Despite the absence of progress on the Sakhalin port, MGR has pushed ahead with another mega-project: the proposed bridge to the Russian mainland. 

Initially estimated at 300 billion rubles ($3.6 billion), its cost has ballooned to over 1.2 trillion ($14.6 billion).

Olga Puchkova told the pro-Kremlin daily Izvestia she is ready to fulfill the governor’s “dream” of a bridge, again with funding from Gazprombank.

‘Signs of money laundering’

In 2021, Vostok, the same company behind MGR, moved roughly 3 billion rubles ($36.6 million) through its accounts, according to financial disclosures reviewed by The Moscow Times.

The funds moved rapidly across 13 newly opened and quickly closed accounts, with 43 identical transfers of 96 million rubles ($1.2 million) each.

Former tax officials and anti-corruption lawyers say the transactions show strong signs of money laundering.

“There are signs of money laundering here, namely the layering stage in FATF (Financial Action Task Force) terminology. In other words, it’s when money launderers try to cover their tracks,” said Kirill Gorlov, a legal expert at Transparency International Russia. “These transactions are also referred to as ‘transit’ transactions — regular transfers of funds without economic significance that do not remain in the account for long."
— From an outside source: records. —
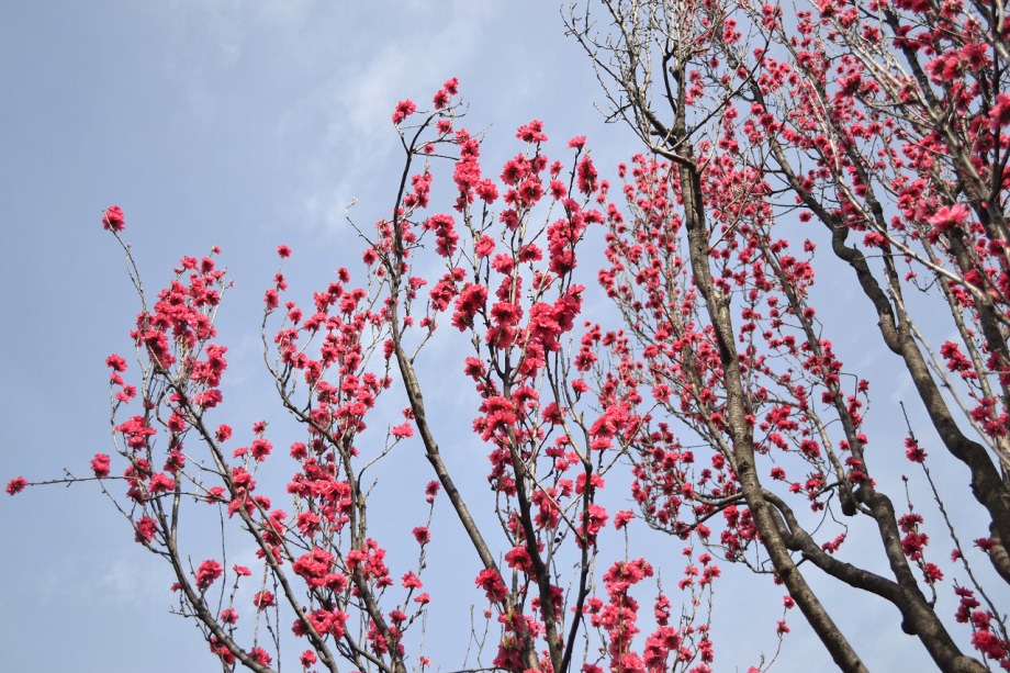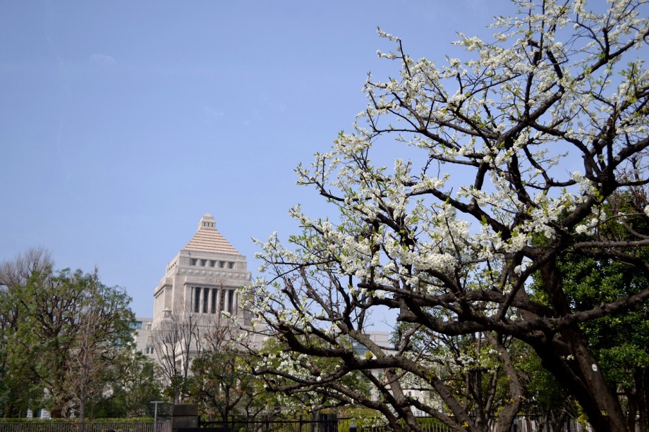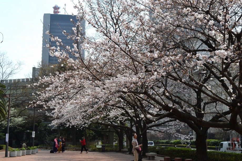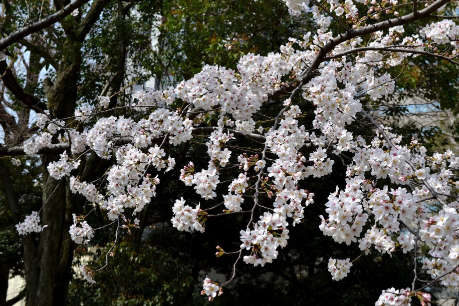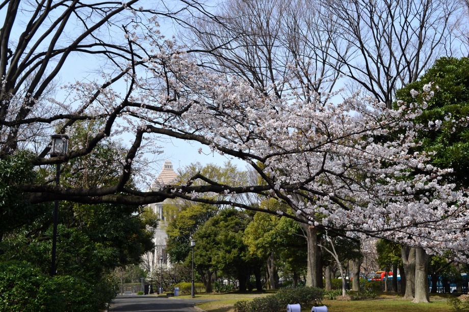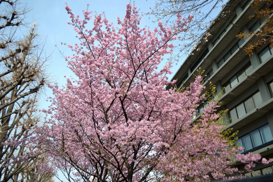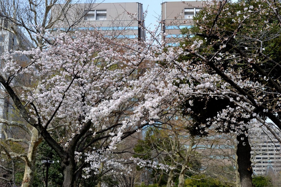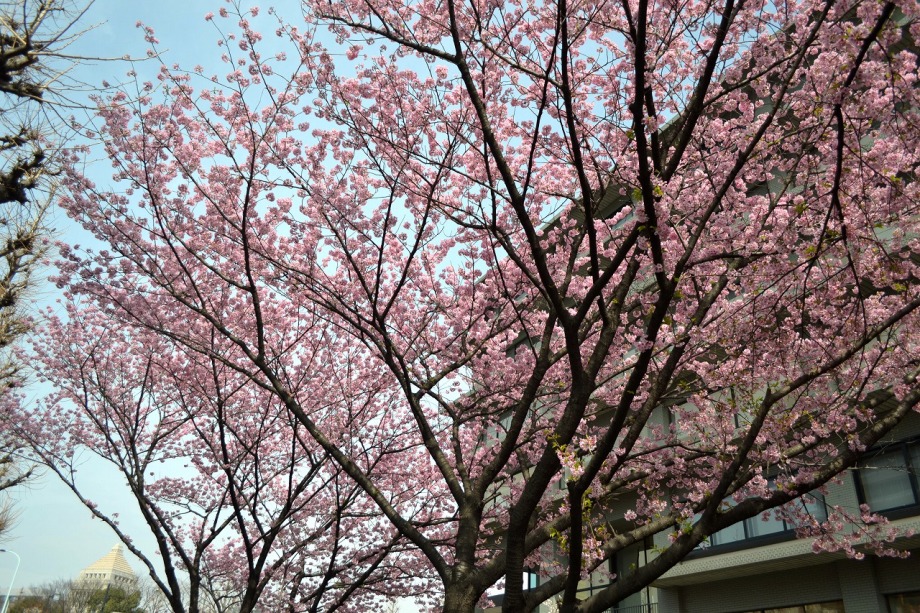 暖かくなりましたので、桜の写真を撮りに行きました。桜が早く咲く外務省に行きましたら、染井吉野桜は既に咲いていました。奥に、 ピンク色の桜が咲いていました、鳥が沢山集まっていました。日比谷公園も桜が咲いていました。
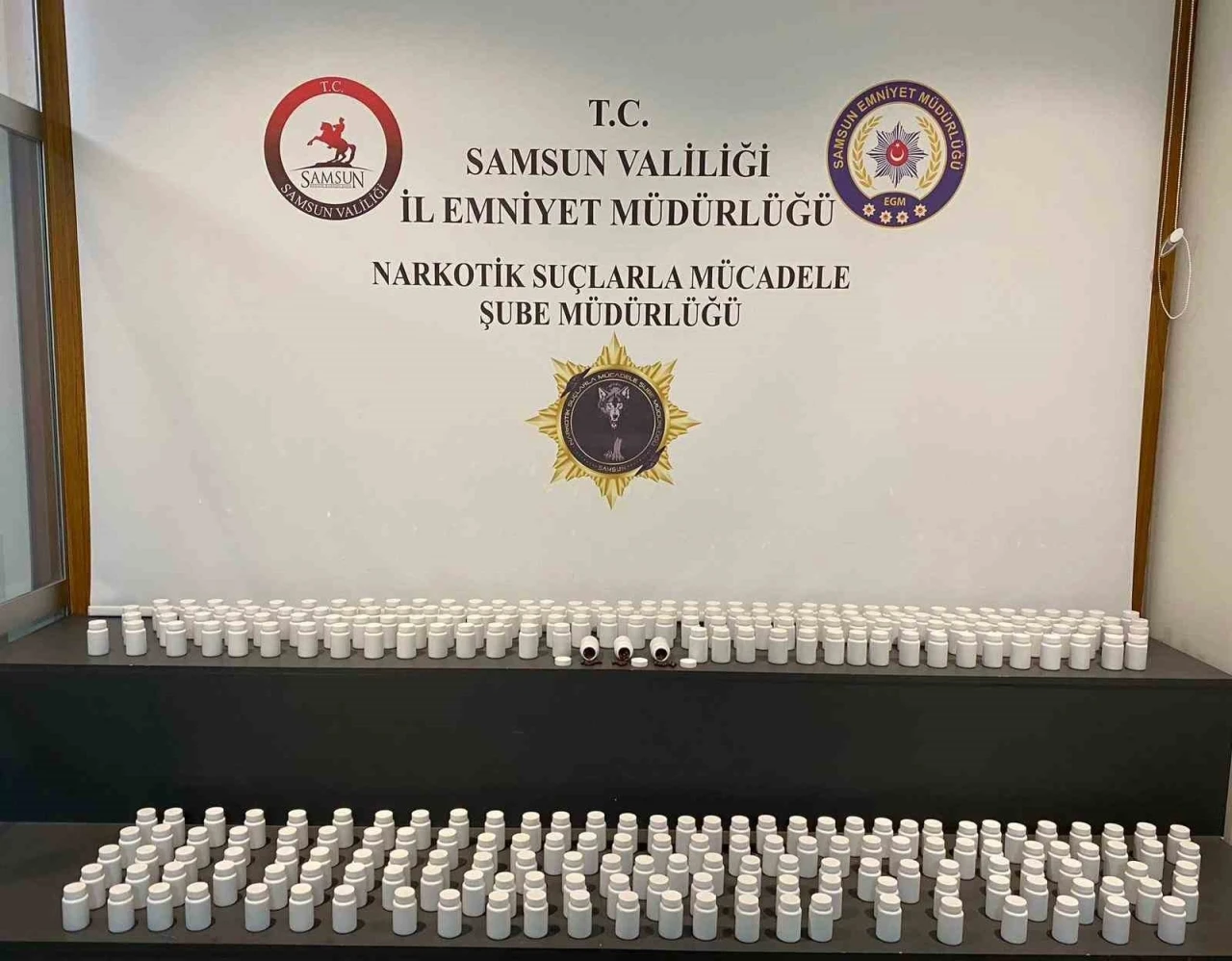 Samsun’da polis tarafından şüphe üzerine bir araçta yapılan aramada, 16 bin 555 adet sentetik ecza ele geçirilirken, olayla ilgili 1 kişi gözaltına alındı.
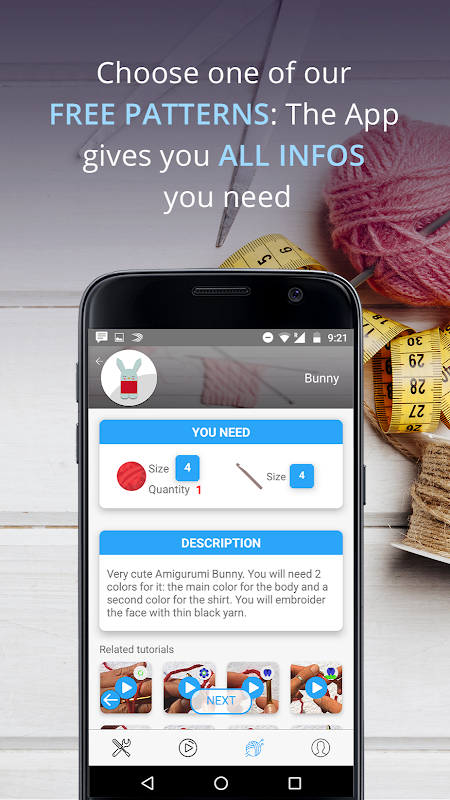 *** Precisa de inspiração? Amigurumi, luvas, travesseiro ... Todos os padrões estão disponíveis gratuitamente no aplicativo.
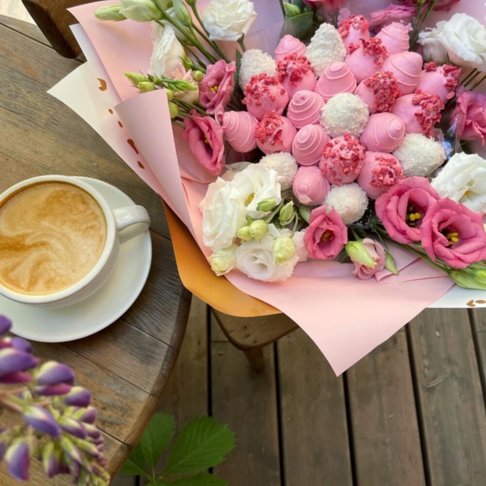 Клубника в шоколаде – 800 гр.эустома розовая и белая – 9 шт.

Shmelev, Klimov and Khromchenko all declined The Moscow Times’ requests for comment.

“I’ll leave your question without comment,” said Klimov. “Don't you think that you are asking too many questions? That is the impression I have, so let's end our conversation now. I don't know you and I will not share personal information with you.”

Khromchenko denied knowing Klimov at all. “Maybe you’ve got the wrong number,” she said, before hanging up. Shmelev disconnected the call as soon as he realized he was speaking with a journalist.

Finance Minister Siluanov did not respond to requests for comment. The Kutznets family could not be reached.

A curious mansion in Crimea

This investigation began in early 2025 when a Russian POW told Ukrainian reporters he had helped build a luxury dacha in Foros, Crimea, allegedly for Prime Minister Mikhail Mishustin.

Satellite analysis revealed a sprawling estate tucked into a protected area of the Foros Park nature reserve, once home to the Soviet elite. After Russia’s annexation of Crimea, land in this region was quietly transferred to companies from the republic of Tatarstan, including a former government dacha now owned by Tatarstan’s first President Mintimer Shaimiev.

The mansion believed to be Mishustin's is spread across two plots of land and exceeds 1,000 square meters in size. Property records show it is owned by a company called Gorizont JSC. Its sole shareholder is Vladislav Shmelev, the same businessman behind the stalled Sakhalin port.

Goriont is registered to the same apartment in Kapotnya linked to past drug investigations, now also associated with Gazprom executive Kuznets and his family.

Public records show that Siluanov, Khromchenko and their daughter have vacationed in Foros. But the true owner of the luxury compound, and how it was funded, remains unclear.